Emergency social services said it was helping more than 1,500 people who left four communities in the province’s northeast near the Manitoba boundary.

Most of the evacuees were from Pelican Narrows, where a 200-square-kilometre fire was burning about three kilometres away.

“We are carrying out direct action on the southern flank of that fire,” Steve Roberts, the province’s executive director of wildfire management, said in a conference call.

“Highway 135 has been breached in that area north of Pelican Narrows by this fire, and the fire threat exists to the power lines, which are parallel to that highway, and its substation.”

Pelican Narrows was under a general evacuation order.

The community of Sandy Bay, north of Pelican Narrows, also declared a state of emergency. Nearly 80 Sandy Bay residents with health concerns and their families left Wednesday.

Pelican Narrows and Sandy Bay are part of the Peter Ballantyne Cree Nation. Vice-chief Harold Linklater said in a Facebook post Wednesday that if residents chose to stay, they would be on their own with no guarantee of phone lines, power, water or other essential services.

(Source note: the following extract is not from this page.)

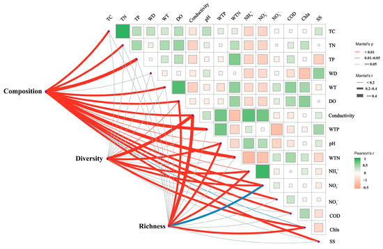 Mantel analysis illustrating the relationships between sediment bacterial community composition and alpha diversity with water and sediment physicochemical properties. The pink and blue lines indicate varying levels of correlation, while the gray lines represent no correlation. The thickness of the lines corresponds to Spearman’s correlation coefficients; thicker lines indicate stronger correlations, whereas thinner lines represent weaker correlations. TC: total carbon; TN: total nitrogen; TP: total phosphorus; WT: water temperature; DO: dissolved oxygen; Conductivity: electrical conductivity; pH: pondus hydrogenii; WTP: total phosphorus in water; WTN: total nitrogen in water; NH4+: ammonia nitrogen; NO3−: nitrate nitrogen; NO2−: nitrous nitrogen; COD: chemical oxygen demand; Chla: chlorophyll a; SS: suspended solids; Diversity: sediment microbial Shannon index; Richness: sediment microbial richness; Composition: microbial Bray–Curtis dissimilarity.

Duane McKay, Saskatchewan emergency management commissioner, estimated in the conference call that there were more than 1,000 people still in Pelican Narrows. Officials were trying to count people still in the community, he said.

There were five buses in the community, but people seemed to have “very little interest in leaving at this particular point.”

He said they could be escorted out in their own vehicles when it was safe to do so.

“The highway … has been breached by fire; therefore, there is some risk during parts of the day where the highway will be closed for all traffic other than those that are directly engaged in firefighting,” said McKay. “When the fire is subsided somewhat, typically early in the morning and later in the evening, and when it is safe … people can leave during those times.

“We’ll send a vehicle with them to ensure that they get through safely.”

Peter Beatty, chief of the Peter Ballantyne First Nation, said Thursday a strict curfew from 9 p.m. to 7 a.m. has been imposed in Pelican Narrows.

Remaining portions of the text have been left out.